For data cleaning, we went forth with dropping columns id, NA_sleep, NA_steps, min_steps, max_steps, min_sleep, max_sleep, min_sleep_eff, max_sleep_eff. Id is a randomized number that does not have strict association with the participant, thus being removed from the dataset. NA_sleep and NA_steps are the number of days for each participant where sleep and steps were not measured. Because each participant had differing study lengths, we decided this was necessary to remove since having this value would not be helpful in our analysis. In relation, our group kept the variables perc_NA_sleep and perc_NA_steps because they contain the information about NA_sleep and NA_steps with correlation to the participant's unique study length. The min and max for sleep, steps, and sleep efficiency are also omitted because the average variable kept in our dataframe for each sleep, steps, and sleep efficiency will help see the general trend. 

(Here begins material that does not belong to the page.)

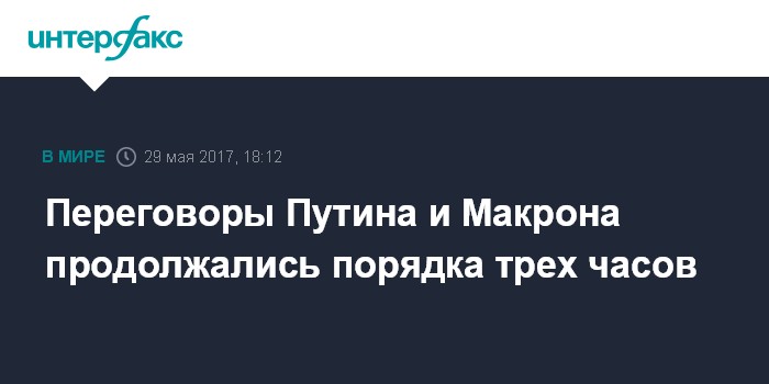 Москва. 29 мая. INTERFAX.RU - Переговоры президентов РФ Владимира Путина и Франции Эммануэля Макрона продолжались порядка трех часов.

Our group replaced the values 1 and 2 with 0 and 1 to keep consistent with common data wrangling practice. 0 represents males while 1 represents females. We converted average steps from float to integer since the hanging decimal is not helpful for our analysis. Average sleep was originally measured in minutes. Thus, we converted the average sleep to hours to generate a more digestable, meaningful integer to work with for our data analysis. 

In [6]:
# drop unused columns for future data analysis
df = df.drop(columns=['id', 'NA_sleep', 'NA_steps', 'min_steps', 'max_steps', 'min_sleep', 'max_sleep', 'min_sleep_eff', 'max_sleep_eff'], axis=1)

# male will be represented as 0 and females 1
df['sex'] = df['sex'].replace([1, 2], [0,1])

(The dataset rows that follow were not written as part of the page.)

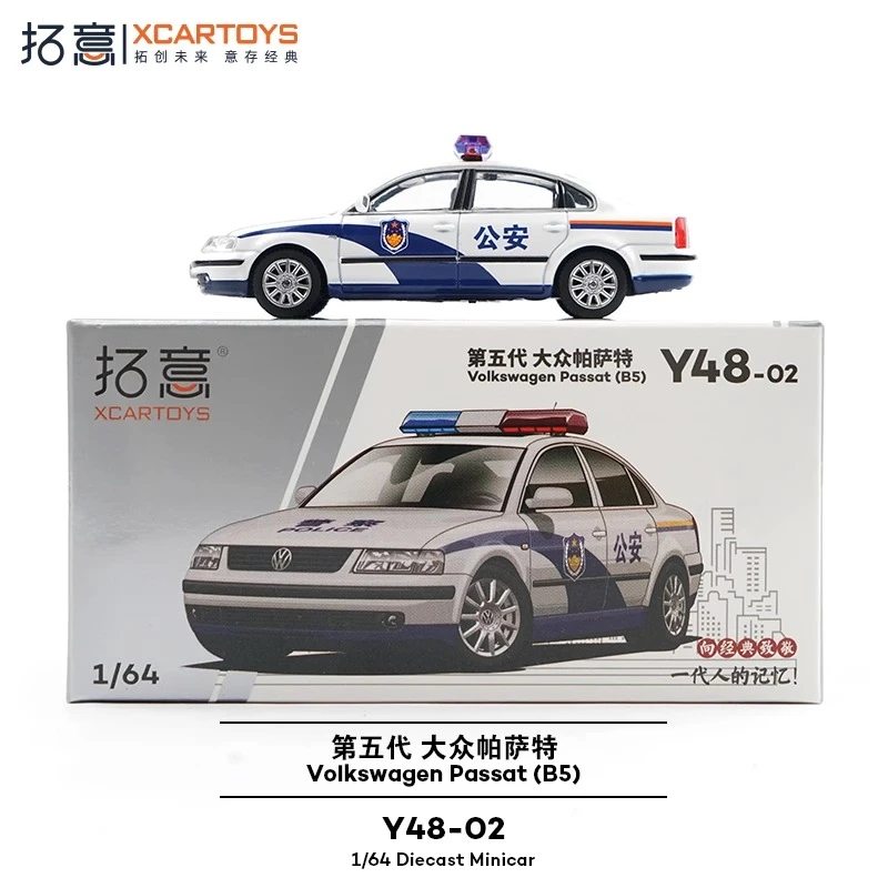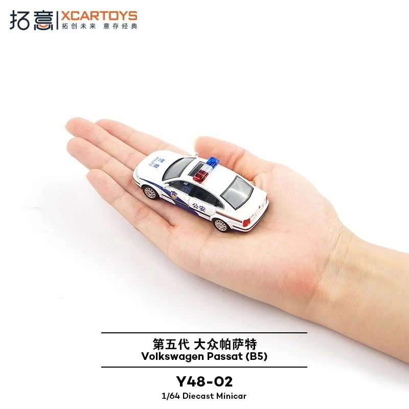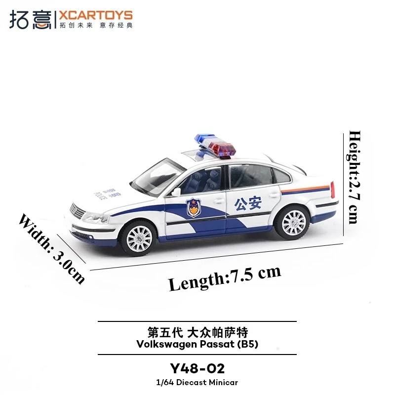 Step into the world of collectible miniature cars with this meticulously crafted 1:64 scale diecast police sedan. Designed for enthusiasts and collectors, this model immediately captures attention with its vivid white finish, accented by bold blue markings and realistic police insignia (公安) on the doors. The model's sleek, smooth contours resemble a real vehicle, with detailed features such as a precise front grille with horizontal slats, transparent headlights, and a distinct light bar with red, clear, and blue sections on the roof. Its patterned rims, small side mirrors, and subtle door handles enrich the authenticity. Lightweight yet durable, it’s perfect for display or imaginative play.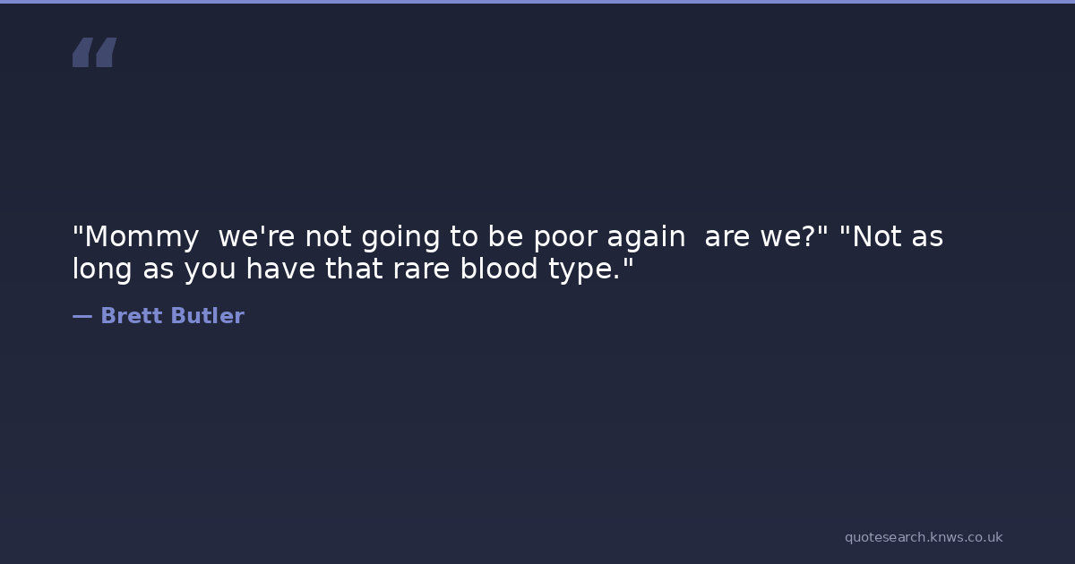 "Mommy we're not going to be poor again are we?" "Not as long as you have that rare blood type."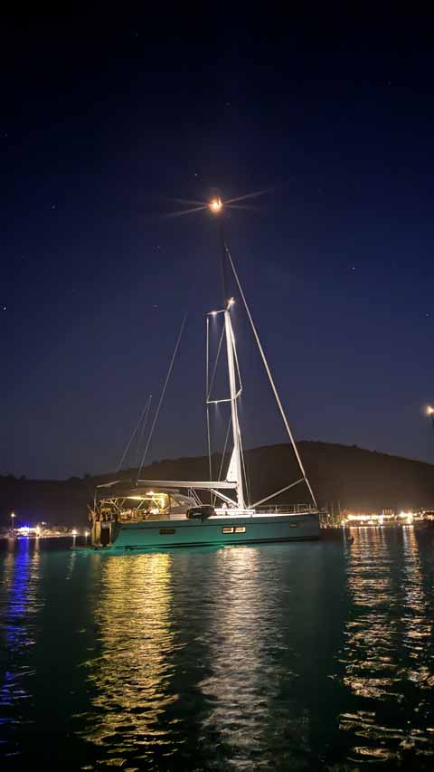 | Safety | AIS Empfänger, Automatikwesten, Autopilot, Blitzboje, Bootsmannstuhl, Bordapotheke, Bordwerkzeug, Bugstrahlruder, Feuerlöscher, Lifebelts, Motor-Ersatzteile, Nebelhorn, Notsignale, Radarreflektor, Reparaturset für Beiboot, Rettungsinsel, Suchscheinwerfer, Taschenlampe, UKW-Funk mit AIS, Zweitanker |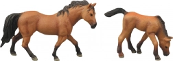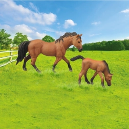 Cet ensemble comprend deux chevaux en plastique - un cheval adulte et un poulain, idéal pour des fins éducatives et décoratives.
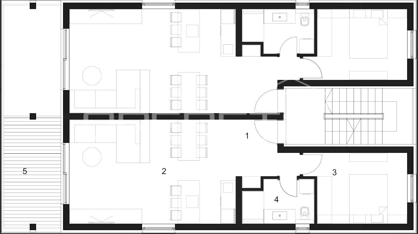 Prozori od poda do stropa povezuju interijer s eksterijerom, otvarajući pogled i pristup terasi koja nudi dodatni prostor za opuštanje ili zabavu.

# convert average steps to integer to remove hanging decimal
df['avg_steps'] = df['avg_steps'].astype(int)

df

Unnamed: 0,sex,age,study_length,perc_NA_sleep,perc_NA_steps,avg_steps,avg_sleep,avg_sleep_eff
0,1,20,264,1.0,1.0,13534,449.732075,0.874021
1,0,23,158,1.0,1.0,16091,384.937107,0.870252
2,1,33,267,0.996255,1.0,7823,432.782772,0.89601
3,0,23,197,0.994924,1.0,10613,406.436548,0.859374
4,0,20,142,0.992958,0.992958,4369,488.288732,0.874954
5,1,34,264,0.992424,1.0,8850,441.342205,0.879201
6,0,23,121,0.991736,1.0,14627,387.578512,0.865412
7,0,24,108,0.990741,1.0,13420,327.87037,0.884474
8,1,35,106,0.990566,1.0,7815,476.160377,0.85019
9,1,34,284,0.985915,1.0,11921,393.391459,0.869055


In [7]:
def standardize_sleep(minutes):
    return minutes / 60

In [8]:
# convert average sleep from minutes to hours
df['avg_sleep'] = df['avg_sleep'].apply(standardize_sleep)
df

Unnamed: 0,sex,age,study_length,perc_NA_sleep,perc_NA_steps,avg_steps,avg_sleep,avg_sleep_eff
0,1,20,264,1.0,1.0,13534,7.495535,0.874021
1,0,23,158,1.0,1.0,16091,6.415618,0.870252
2,1,33,267,0.996255,1.0,7823,7.213046,0.89601
3,0,23,197,0.994924,1.0,10613,6.773942,0.859374
4,0,20,142,0.992958,0.992958,4369,8.138146,0.874954
5,1,34,264,0.992424,1.0,8850,7.355703,0.879201
6,0,23,121,0.991736,1.0,14627,6.459642,0.865412
7,0,24,108,0.990741,1.0,13420,5.464506,0.884474
8,1,35,106,0.990566,1.0,7815,7.936006,0.85019
9,1,34,284,0.985915,1.0,11921,6.556524,0.869055


### Check to ensure all Correct Data Types

In [9]:
df.dtypes

sex                int64
age                int64
study_length       int64
perc_NA_sleep    float64
perc_NA_steps    float64
avg_steps          int64
avg_sleep        float64
avg_sleep_eff    float64
dtype: object

# Ethics & Privacy

With this research topic investigating the correlation between intensity of exercise and quality of sleep, it is critical to consider the ethical constraints regarding this research.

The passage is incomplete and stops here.